One of the biggest criticisms of the “Embrace Debate” movement in sports broadcasting is how it often seems to lead to seemingly-manufactured positions, with personalities either disagreeing just to disagree or amping up slight disagreements into major ones for the sake of the cameras. According to Stephen A. Smith and Max Kellerman, though, the hot takes you regularly hear from them are their own honest opinions. That’s what they told Michael McCarthy of The Sporting News in a recent piece; here’s that exchange.
SN: So are these real debates or phony, mock disagreements designed to provoke a response on social media?
KELLERMAN: I do like to persuade people, but you have to let go the persuasion and embrace the going at it. The blowback from that idea is we disagree about a lot of stuff on the air. So sometimes it may feel like, “If he says A, he’s just going to say B.” What people don’t get to see is how the sausage is made. That is a lot of preparation in taking the hot topics of the day and finding points where we diverge. . . .

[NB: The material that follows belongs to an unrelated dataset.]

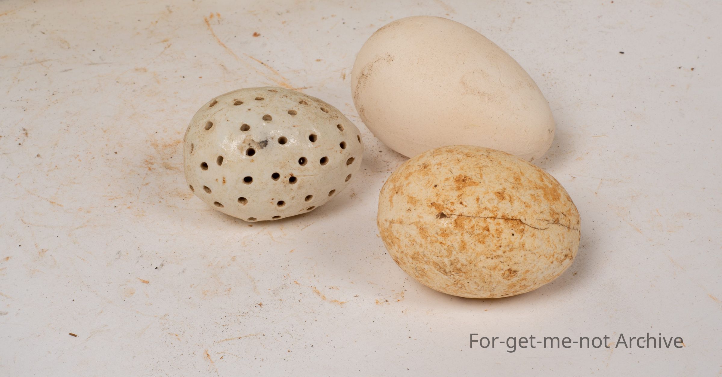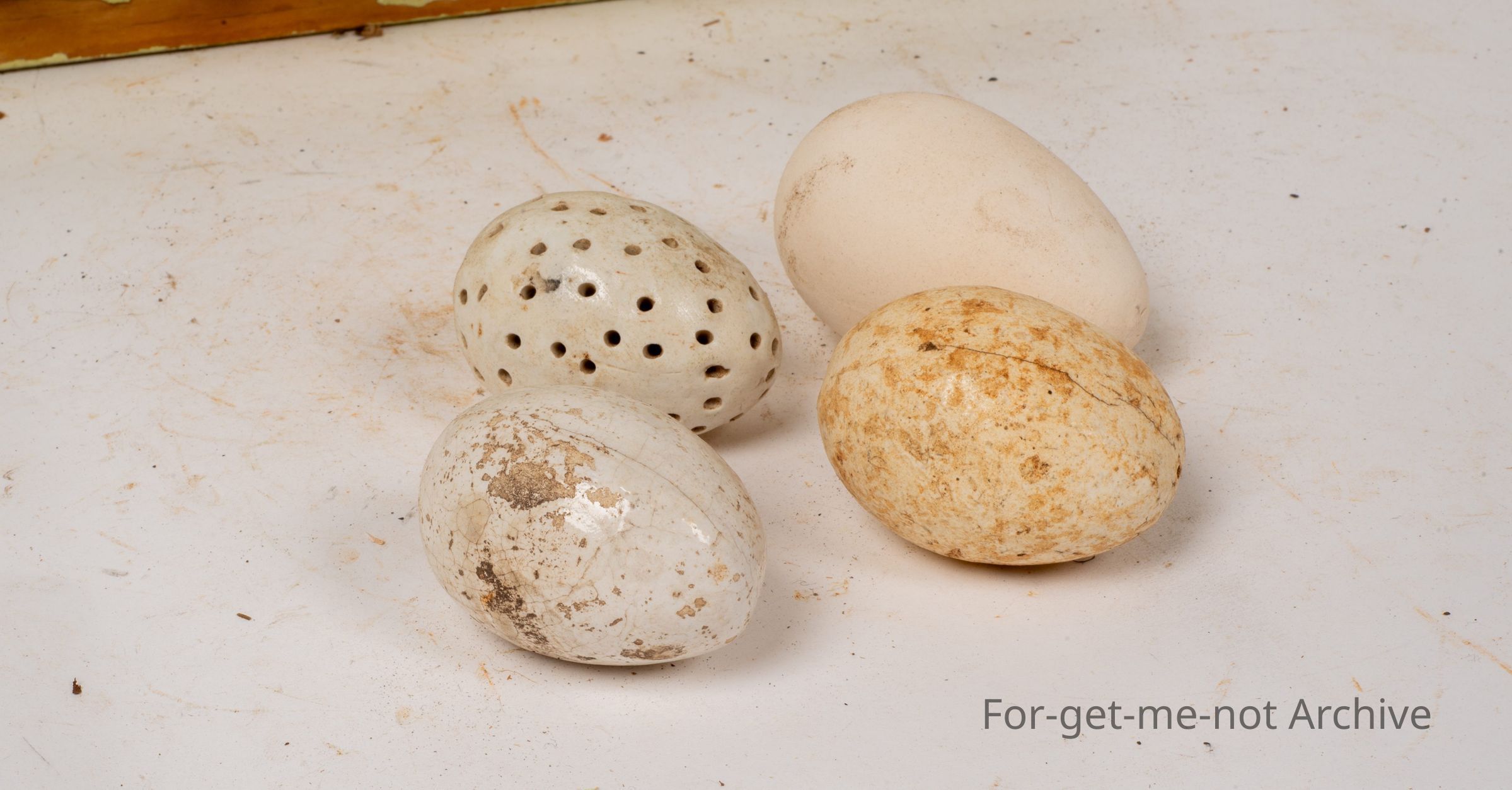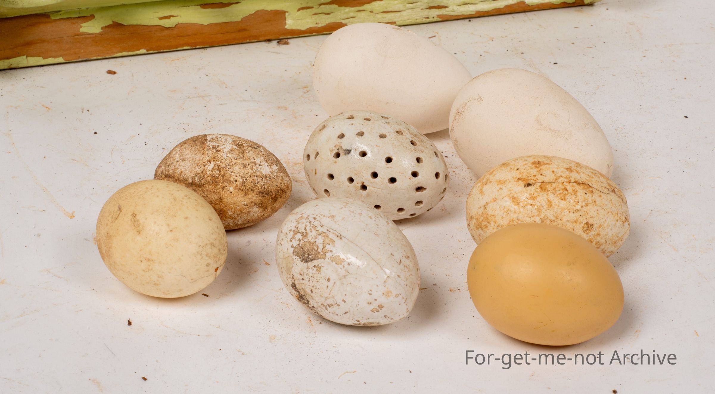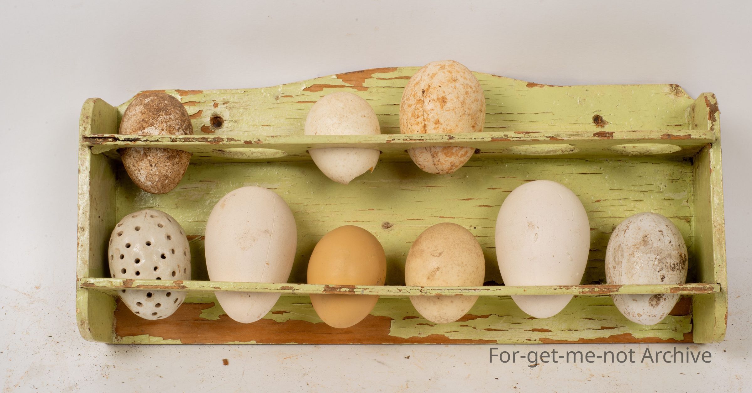 This is a homemade egg rack that holds 6, 1 dozen eggs, in 2 layers. Nice little kitchen piece that would have been put together in the twenties or thirties. The display eggs are made up of decoy eggs to get the chooks motivated to lay in the layer box and the eggs with holes a eggs that are filled with pesticide that would then transfer to the chooks when they lay eggs to kill the bugs on the chooksCollection
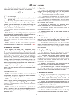SIGNIFICANCE AND USE 5.1 This test method is intended to provide a standardized test procedure of protective materials to ensure comparable results among manufacturers and users. 5.2 This test method involves measurement of the attenuation of X-rays by protective clothing material at an accelerating potential (kVp) between 60 and 130 kVp. These energies are considered to be representative of those commonly used during medical diagnosis. 5.3 The reporting of the attenuation at a specific X-ray energy is intended to allow the end user organization to assess the attenuating properties of the protective clothing material at that energy level. SCOPE 1.1 This test method establishes procedures for measuring the attenuation of X-rays by protective materials at accelerating potentials from 60 to 130 kVp. 1.2 This test method provides attenuation values of primary beam X-radiation. 1.3 This test method applies to both leaded and non-leaded radiation protective clothing materials. 1.4 This standard does not purport to address all of the safety concerns, if any, associated with its use. It is the responsibility of the user of this standard to establish appropriate safety, health, and environmental practices and determine the applicability of regulatory limitations prior to use. 1.5 This international standard was developed in accordance with internationally recognized principles on standardization established in the Decision on Principles for the Development of International Standards, Guides and Recommendations issued by the World Trade Organization Technical Barriers to Trade (TBT) Committee.

“Embrace Debate” embraces the idea that you’re going to find the point of divergence. If you’re sitting at home, and you’re not understanding that process, maybe it seems to people that, “Oh, they’re just disagreeing for the sake of disagreeing.” That’s not what’s happening. All the positions are genuine.
Smith then talks about how he and Kellerman are still figuring each other out and figuring out what they can debate for 10 to 12 minute segments, and then says his opinions (like his oft-expressed disdain for Cowboys’ fans) are real:
I enjoy tweaking Cowboys fans, but only because it’s authentic. Don’t fake what you feel. I’ve never been about that. I never will be about that. . . . Let me tell you what I’m like. I don’t give a damn what anybody thinks. It means nothing to me. What I care about is, “What is my position? Is it valid? Is it informed?” Once it’s valid and informed and rife with the necessary facts, that’s all I care about. I care if somebody says I’m wrong because the facts tell me so. I do not care if they think that I’m wrong because they feel different from me. The hell with your feelings. You have your feelings; I have mine. Let’s get it on.
These comments all make sense, but there are levels to them that should be further explored. Yes, it’s obviously easier and better to show a debate where the participants are naturally on opposite sides than to have one try and play a side they don’t really believe in, and so it’s to the advantage of First Take and similar shows to show as many genuine disagreements as possible. However, Kellerman’s comments about the preparation and finding the points of divergence are interesting as well; they illustrate the process that goes into creating these debates, and emphasizing those points of divergence (rather than where the two agree) is another way to manufacture debate, as is Kellerman’s previous comment about abandoning logical persuasion for “going at it.” Smith’s emphasis on “facts” is notable too, considering that many of his positions really don’t have much to do with facts. It’s also interesting that Smith later goes on a rant about how he’s not playing a role:
The role that people think I play is not a role. When I go home and I’m with my sisters, I’m the same way. When I’m with my boys, I’m the same way. My father and I are going to be arguing tonight because of the Chris Sale acquisition by the Boston Red Sox. He’s going to think the Yankees are doomed. I am going to say to my father, who’s 79 years of age, who taught me everything that I knew about baseball, who’s a former baseball player himself drafted by the Giants in the ’50s, and I’m going to tell him why he’s wrong, OK? It’s just the way I am. I’m not changing. Max is such a nice guy. He’s a really, really nice guy. He really wants to be your friend. I don’t care. I don’t have anything against you or anybody else. But I don’t care. I don’t care!
That goes against many of the outside evaluations of Smith and his ability to be emphatic on command, but perhaps it shows how committed he is to sports arguments. In fact, this piece does a good job of showing how that’s what ESPN is really going for with First Take and its ilk; arguments like you might get in a sports bar, manufactured or not. Kellerman’s later comment about how their loud volume is what you want for sports debate shows that, as does Smith’s devotion to arguing on or off camera. That format clearly has its fans, even if many of First Take’s past viewers have dropped off to follow Skip Bayless to Undisputed. We’ll see if it continues to be a success for ESPN, especially after the show moves to the main ESPN network in the new year.